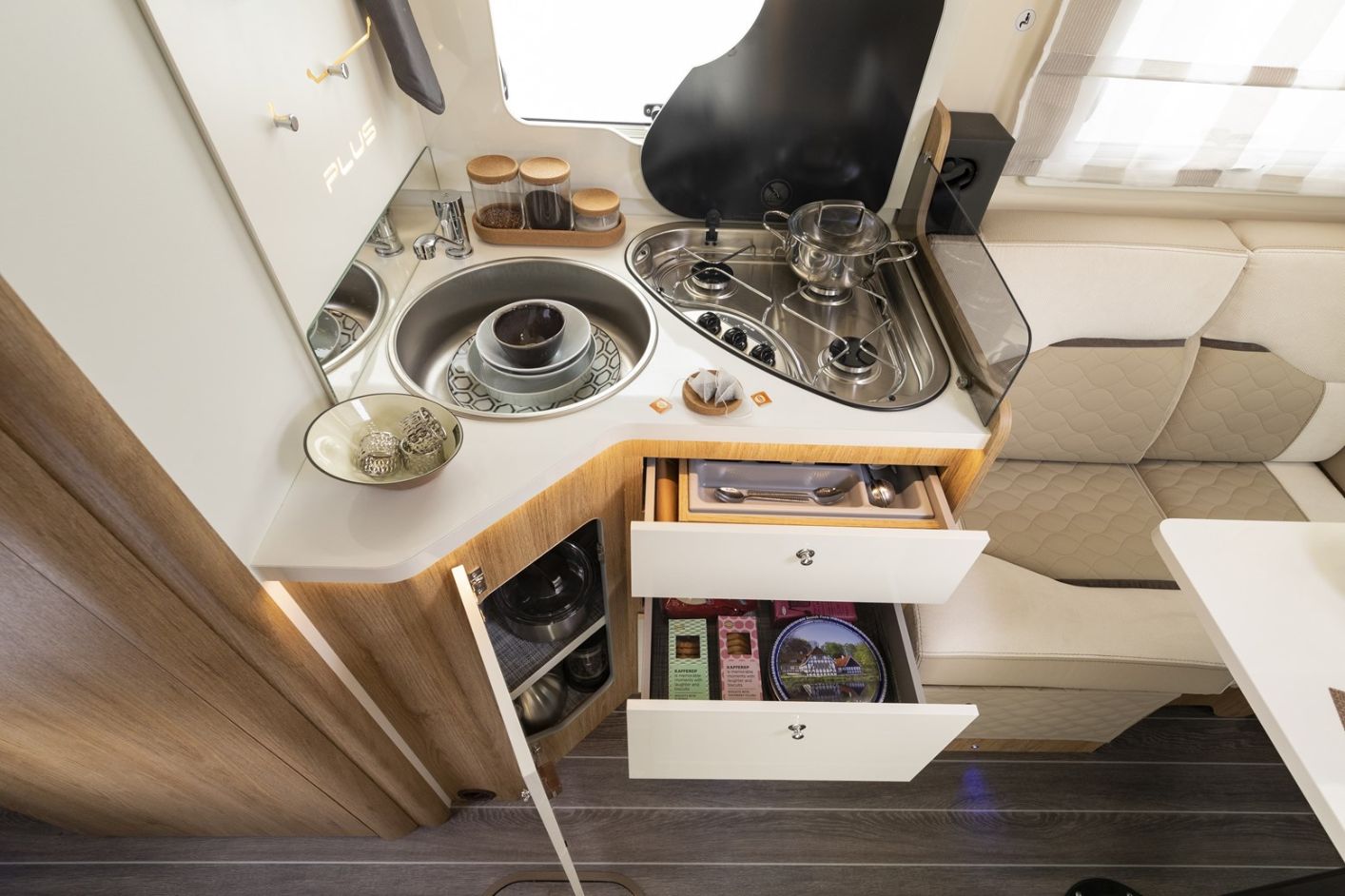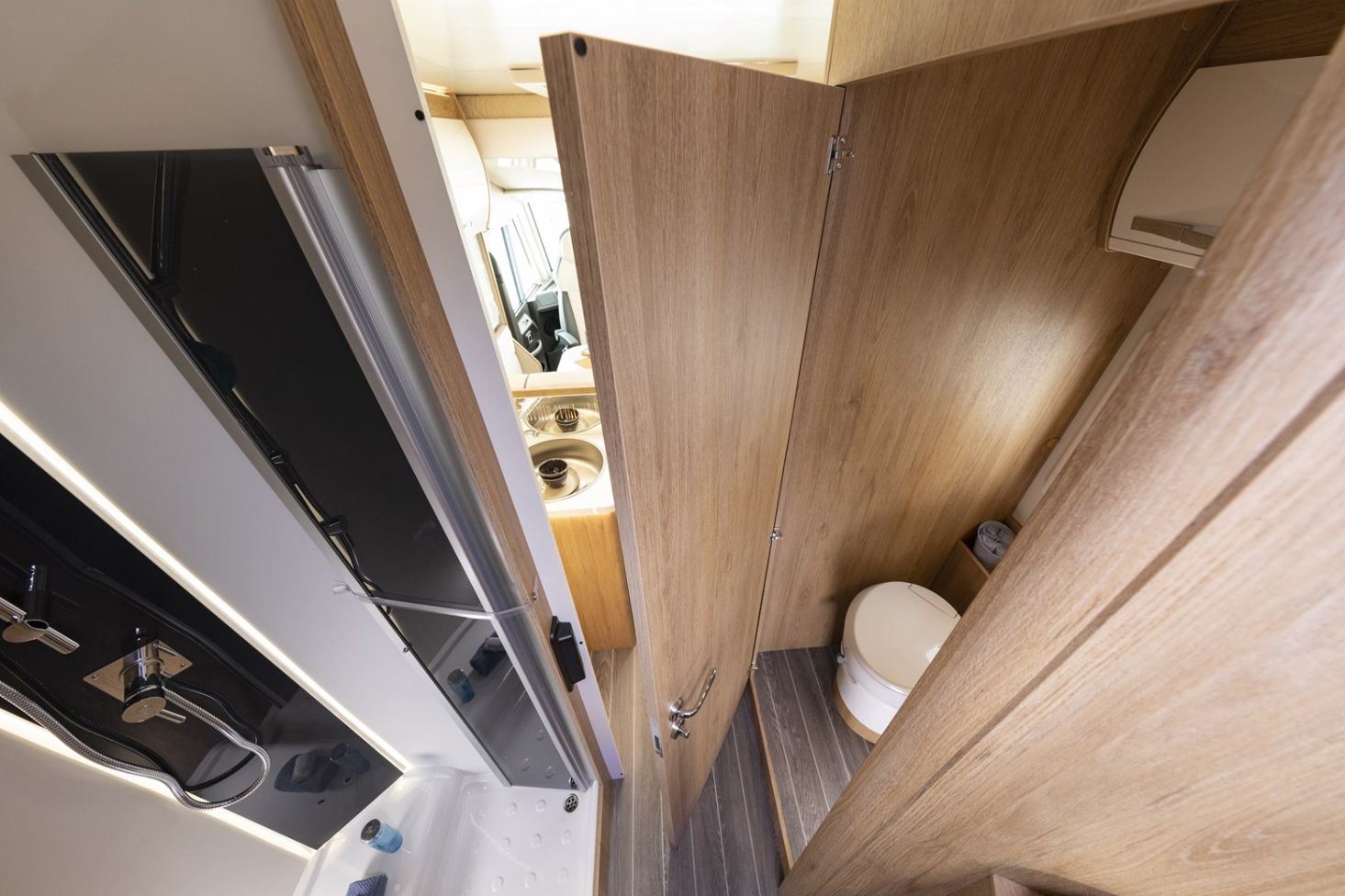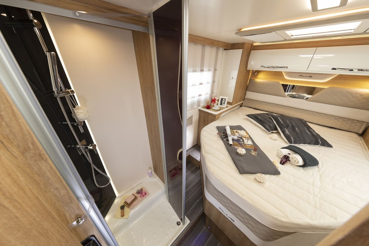 I pensili, installati con uno spazio dalla parete del camper, favoriscono una circolazione dell'aria ottimale, mentre pannelli anticondensa e reti a doghe su tutti i letti garantiscono una ventilazione costante. Anche il design dei materassi è stato attentamente studiato, con una parte inferiore in tessuto tecnico traspirante e una superiore in poliestere trapuntato per il massimo comfort durante il riposo.
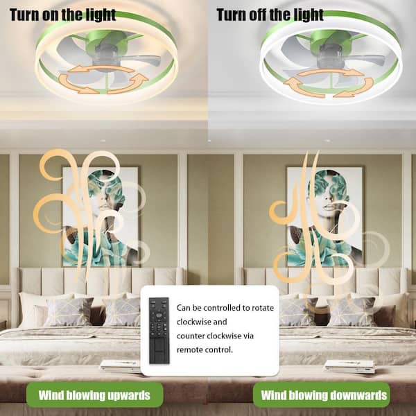 19.7 In. Smart Indoor Green Ceiling Fan with Remote Control and Integrated Round Changing Color LED
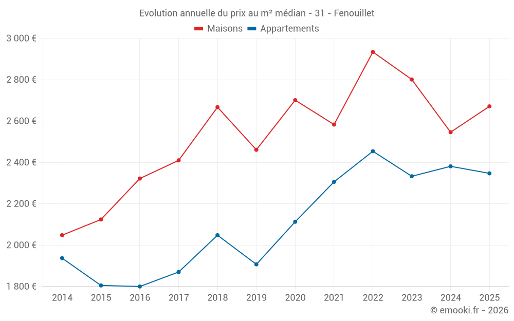 Le prix médian sur les 33 transactions de maisons des 12 derniers mois dans la commune de Fenouillet était de 2 596 € par mètre carré pour une valeur foncière médiane de 269 000 €. Sur cette période 60% des transactions se sont situées entre 2 167 et 3 185 € par mètre carré (du 2ème au 8ème déciles).
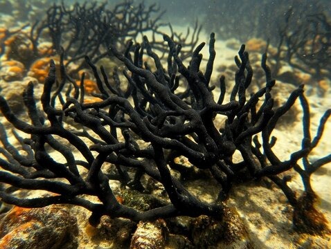 Black coral (Antipatharia) is a deep-sea coral known for its dark, tree-like skeleton. Unlike reef-building corals, it lacks symbiotic algae and thrives in deep, cold waters. Its flexible, black skeleton has been used for jewellery, but overharvesting has made some species endangered.
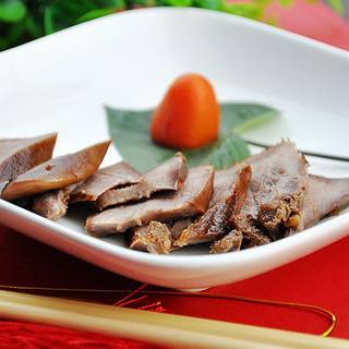 原料:猪舌头、老卤汁、红干辣椒、酱油、料酒。
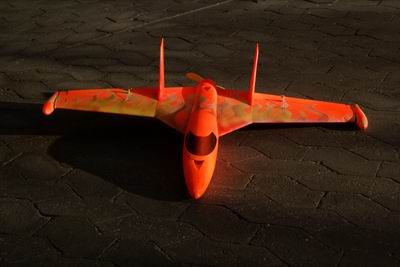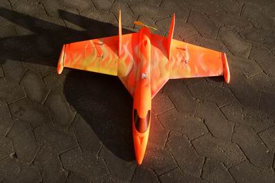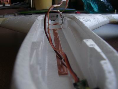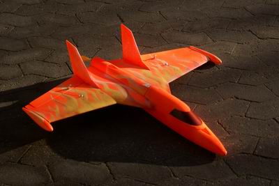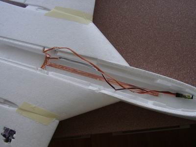 Die Servos habe ich entgegen der Anleitung auf der Oberseite der Tragfläche verlegt. Damit wird die Unterseite des Jets absolut unempfindlich. Der Glasfaserholm ist durch einen Kohlefaserholm ersetzt.
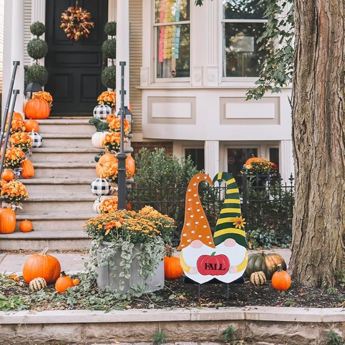 - 🍁【Versatile Outdoor Decor】Transform your outdoor spaces with the cozy charm of autumn! These whimsical fall gnome garden stakes effortlessly add a festive touch to any yard or patio. Perfect for lining walkways, accenting flower beds, or highlighting backyard nooks, their durable metal design withstands the elements while creating a warm, inviting atmosphere. Whether your style is rustic, modern, or cozy, these stakes bring autumn magic to every outdoor setting!
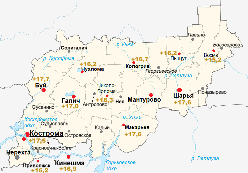 С осадками туго, засуха примерно везде: от 6 мм в Пыщуге до 19 мм в Макарьеве.
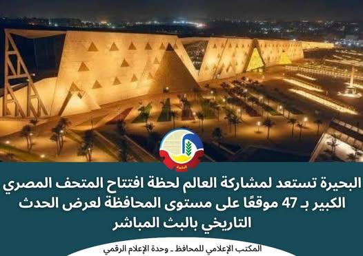 في مشهد وطني مهيب يعكس روح الانتماء والفخر بالحضارة المصرية العريقة، تستعد محافظة البحيرة لتعيش واحدة من أعظم اللحظات في تاريخ مصر الحديث، حيث تتجه أنظار العالم إلى افتتاح المتحف المصري الكبير، أيقونة المجد المصري وبوابة الحضارة إلى المستقبل.
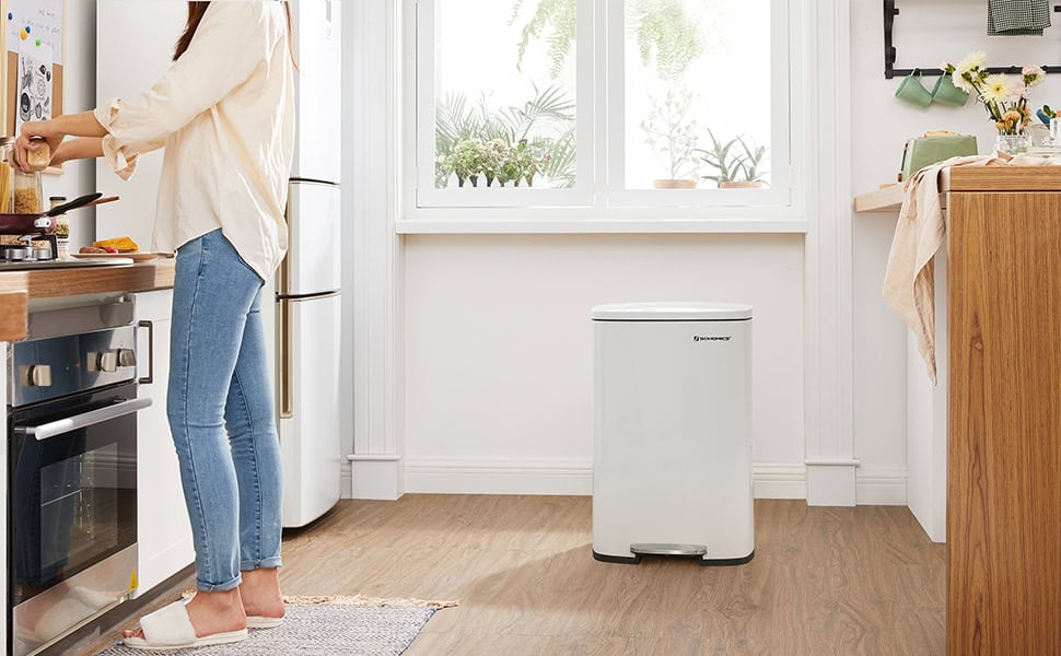 Sigiliul capacului rezistent la scurgeri si impiedica raspandirea mirosurilor.Capacul acestui cos de gunoi de bucatarie poate fi deschis cu ajutorul pedalei sau cu mainile deasupra punctului de blocare, astfel incat sa ramana deschis.Fabricat din otel de calitate, acest cos de gunoi modern este rezistent la rugina pentru o utilizare indelungata, este usor de curatat cu o carpa umeda pentru a preveni aparitia dungilor.Sacii de gunoi pot fi fixati prin plierea marginilor sacilor in orificiul din spate al galetii interioare detasabile.
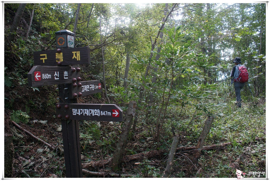 우린 이 곳에서 계속 진행할지 말지를 잠시 망설이고 있는데...한 쪽에 '곰내미둘레길'이란 조금은 오래된 펼침막이 보이네요.
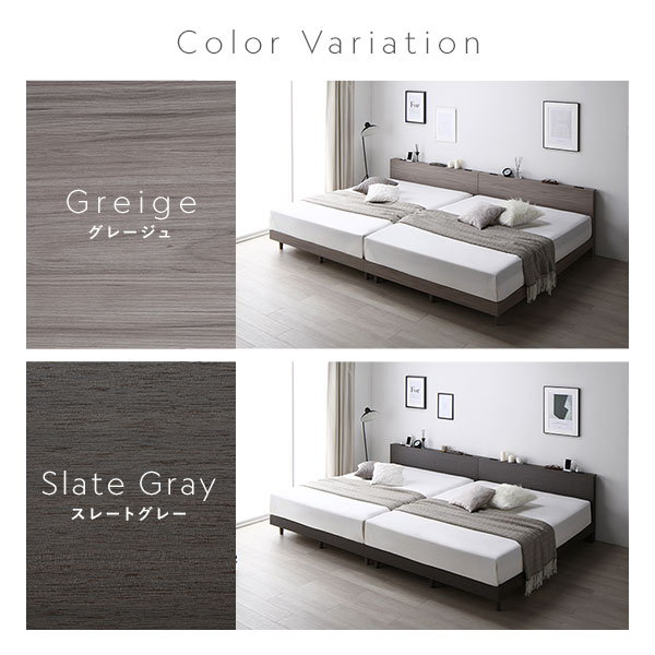 ベッド ワイドキング 200 S+S 3ゾーンポケットコイルマットレス付 グレージュ 連結 すのこ 宮付 脚付 ローベッド
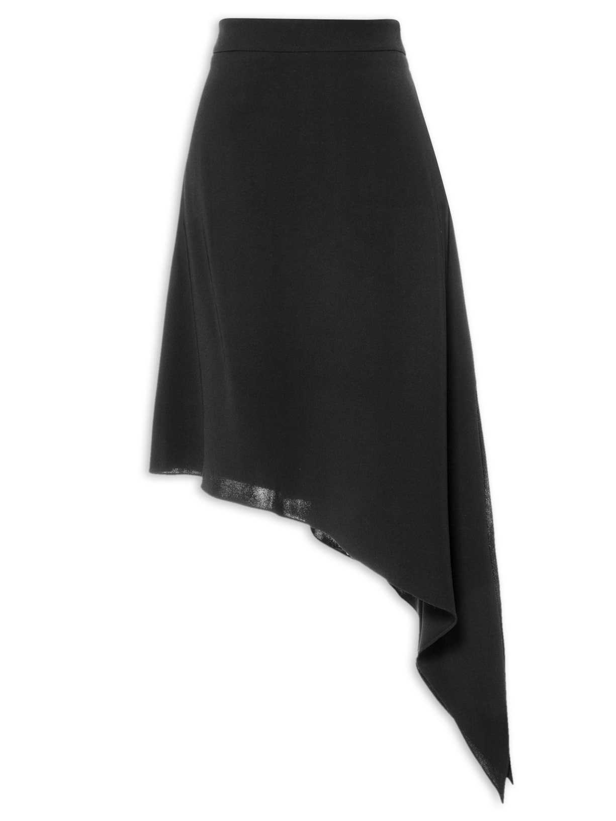 A saia preta é confeccionada em crepe. A peça possui cintura alta, barra assimétrica com fenda lateral, comprimento midi, shape solto, caimento reto, acabamento pespontado e fechamento lateral por zíper metálico e botão interno.
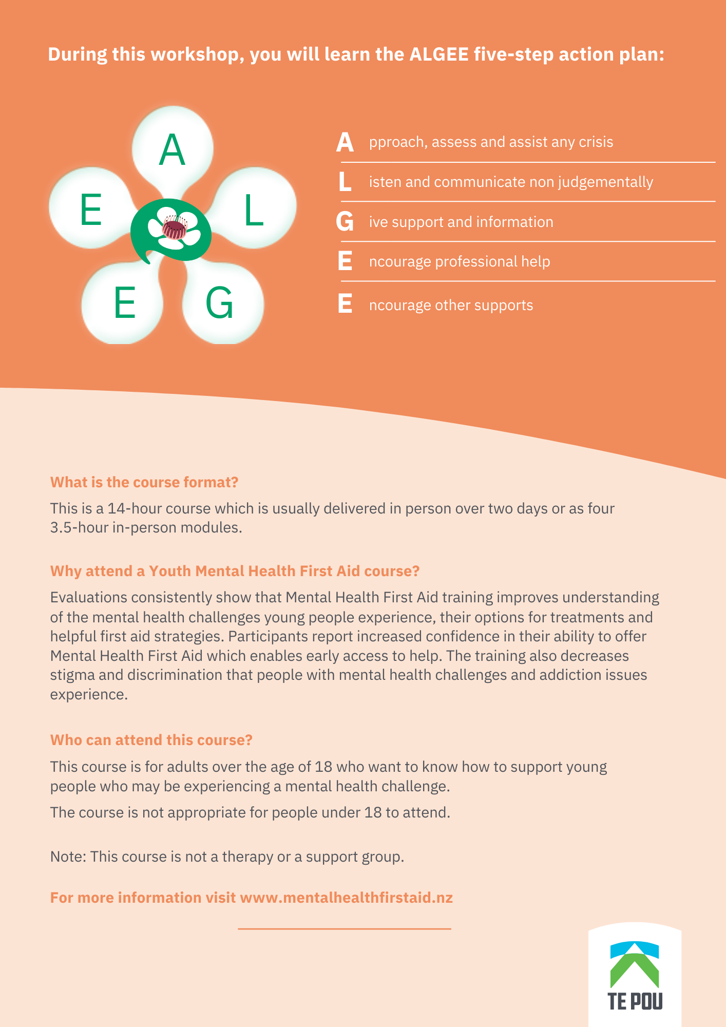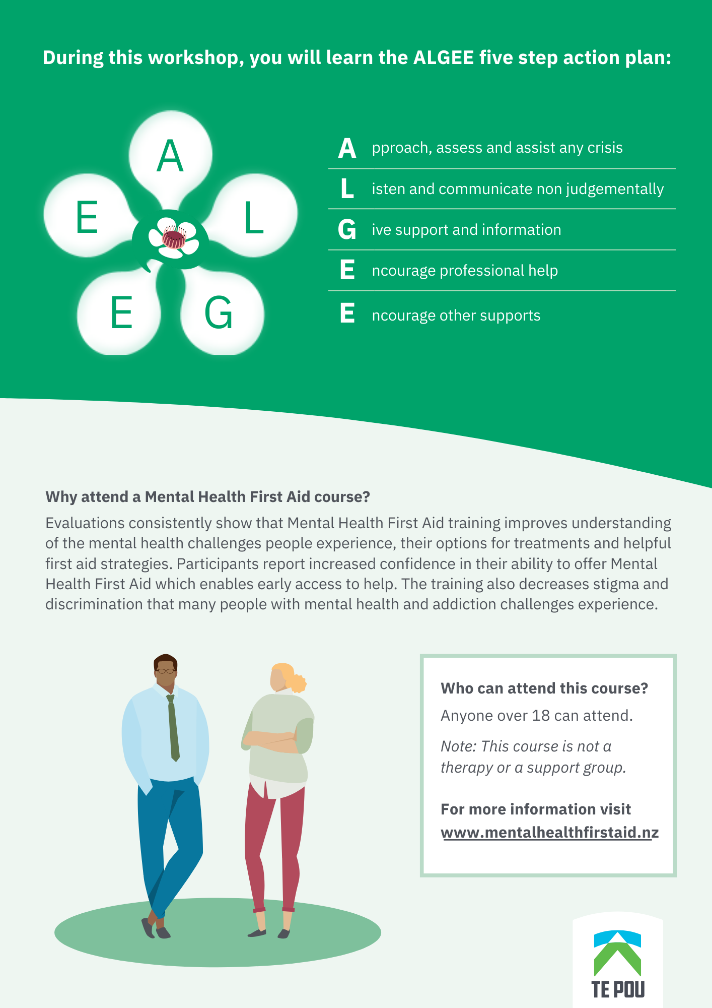 A Mental Health First Aid course will teach you how to provide initial support to adults who may be experiencing mental health challenges or mental health crisis, until the crisis resolves, or specialist help is accessed, using a practical evidence-based Action Plan.
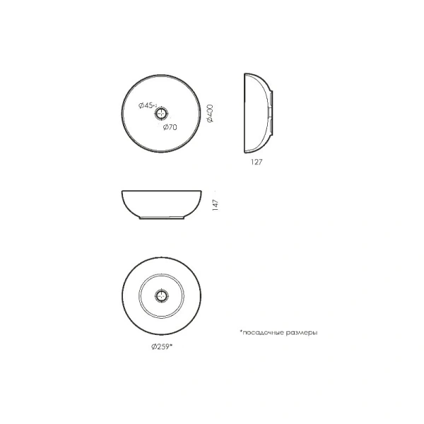 Круглая накладная раковина Sanita Luxe Art WB.CT/Art/40-N.Slim/WHT.G/S1 диаметром 40 см выполнена из высококачественного фарфора с глянцевым покрытием для лёгкого ухода. Модель не имеет отверстий под смеситель, что позволяет использовать настенные или выносные варианты. Диаметр слива – 4,5 см, подходит для сифона Ø 3,2 см. Донный клапан приобретается отдельно. Без антибактериального покрытия. Вес – 8,23 кг. Идеальна для бытовых ванных комнат.
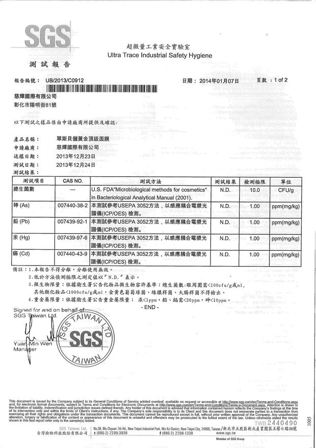 翠斯貝儷黃金頂級面膜其主要成分來自瑞士、法國、日本。市售的面膜可分成三大類,第一類:淨白。第二類:保濕。第三類:撫平細紋。本公司研發黃金頂級面膜是三合一,一片完成。本公司出品黃金頂級面膜是能撫平細紋產品。讓我們的臉部肌膚水嫩、緊緻、緊實、富有彈性,展現自信迷人風采。
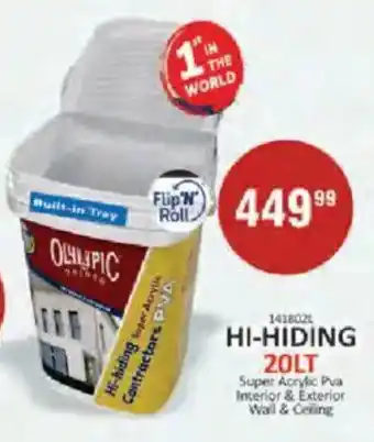This special is available in various stores, view all products to get the cheapest Olympic hi-hiding. If you'd like to find out whether this product has a bigger discount in another store, check the category 'Wholesale'. You may also find these specials interesting: Olympic Paints Decor Acrylic PVA 20lt, Olympic water based plaster primer & Hi Heat Spray.
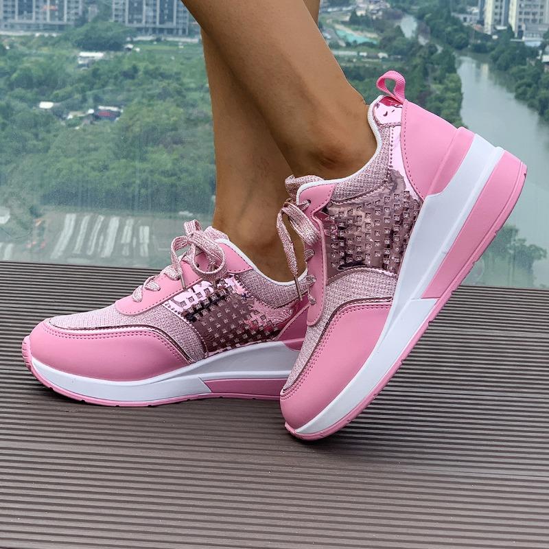 Женские кроссовки на платформе с танкеткой большого размера, дышащие, с пайетками, с круглым носком, на шнуровке, новые повседневные кроссовки весна-осень

+---+

The answer should contain nothing but the lines from the top of the data above through the line containing "Le prix médian", copied exactly, with no images.

 I pensili, installati con uno spazio dalla parete del camper, favoriscono una circolazione dell'aria ottimale, mentre pannelli anticondensa e reti a doghe su tutti i letti garantiscono una ventilazione costante. Anche il design dei materassi è stato attentamente studiato, con una parte inferiore in tessuto tecnico traspirante e una superiore in poliestere trapuntato per il massimo comfort durante il riposo.
 19.7 In. Smart Indoor Green Ceiling Fan with Remote Control and Integrated Round Changing Color LED
 Le prix médian sur les 33 transactions de maisons des 12 derniers mois dans la commune de Fenouillet était de 2 596 € par mètre carré pour une valeur foncière médiane de 269 000 €. Sur cette période 60% des transactions se sont situées entre 2 167 et 3 185 € par mètre carré (du 2ème au 8ème déciles).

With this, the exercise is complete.